本申请实施例的主要解决方案是:在接收到语音信息后,向各个语音服务器发送所述语音信息;接收各个所述语音服务器反馈的文本信息,并确定各个所述语音服务器反馈所述文本信息的文本返回时长;根据各个所述文本信息确定各个所述语音服务器对应的语音识别质量分值,以根据各个所述语音服务器对应的文本返回时长以及语音识别质量分值,确定各个所述语音服务器的服务质量评分;将服务质量评分最高的所述服务器作为目标语音服务器。

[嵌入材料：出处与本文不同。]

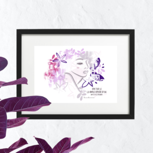 ilustración “Mujer y Naturaleza abstracta”, lámina decorativa mujer tinta negra, lámina ilustrada mujer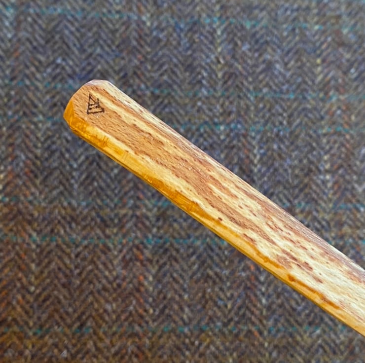 Hand made using traditional tools including axe, knife and drawknife. The finished item shows the lovely smooth facets from these sharp tools and no sanding is used. The stunning wood grain is enhanced and sealed using food grade organic linseed oil. My elf hat makers logo is also burned into the handle. The sycamore log used for making the knife, was locally sourced from an arborist.

由于终端根据各个语音服务器的文本返回时长以及语音识别质量分值,确定各个语音服务器的服务质量评分,从而选取服务指令评分最高的服务器作为目标服务器,使得终端能够得到服务质量较好的语音识别服务。
作为一种实现方案,终端可以如图1所示。
本申请实施例方案涉及的是终端,终端包括:处理器101,例如CPU,存储器102,通信总线103以及语音接收模块104。其中,通信总线103设置为实现这些组件之间的连接通信。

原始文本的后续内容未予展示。